◆ Given data
- - - -

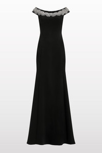 Azalea is the epitome of understated glamour, combining refined structure with luxurious embellishment. This elegant black gown is meticulously crafted to enhance the silhouette, featuring a structured bodice that transitions seamlessly into a fluid floor-length skirt. The off-the-shoulder neckline frames the decolletage with timeless femininity, elevated by intricate detailing that shimmers subtly under light. Embellishments are applied with precision, adding depth and texture without overwhelming the gown’s sleek lines. Ideal for black-tie weddings, formal galas, opera evenings, or upscale receptions, Azalea is a versatile luxury evening gown that balances classic design with modern sensibility. Its artful construction offer both drama and sophistication, making it a perfect choice for women who favor elegance with a touch of restraint. Whether on a red carpet or at an intimate high-society affair, Azalea ensures you exude confidence and timeless style.
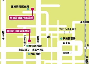 次は、国土交通省東北地方整備局の「秋田河川国道事務所」の略地図。事務所自体は秋田市役所の裏にあるが、他に秋田市内に2つの拠点を構える。
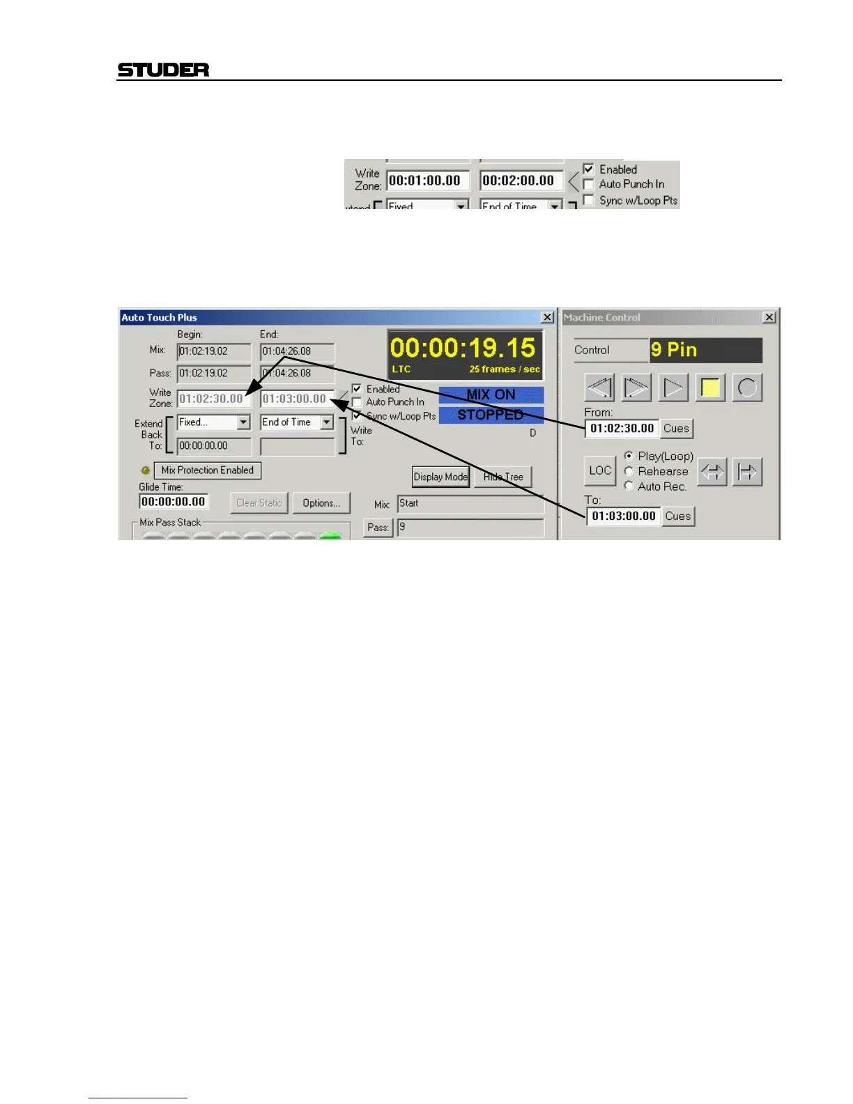 [7] Write Zone is defined by a BEGIN and an END timecode value. If acti-

- - - -

◆ Work to complete
The whole listing should be restated word for word, with no pictures.

◆ Task answer
 Azalea is the epitome of understated glamour, combining refined structure with luxurious embellishment. This elegant black gown is meticulously crafted to enhance the silhouette, featuring a structured bodice that transitions seamlessly into a fluid floor-length skirt. The off-the-shoulder neckline frames the decolletage with timeless femininity, elevated by intricate detailing that shimmers subtly under light. Embellishments are applied with precision, adding depth and texture without overwhelming the gown’s sleek lines. Ideal for black-tie weddings, formal galas, opera evenings, or upscale receptions, Azalea is a versatile luxury evening gown that balances classic design with modern sensibility. Its artful construction offer both drama and sophistication, making it a perfect choice for women who favor elegance with a touch of restraint. Whether on a red carpet or at an intimate high-society affair, Azalea ensures you exude confidence and timeless style.
 次は、国土交通省東北地方整備局の「秋田河川国道事務所」の略地図。事務所自体は秋田市役所の裏にあるが、他に秋田市内に2つの拠点を構える。
 [7] Write Zone is defined by a BEGIN and an END timecode value. If acti-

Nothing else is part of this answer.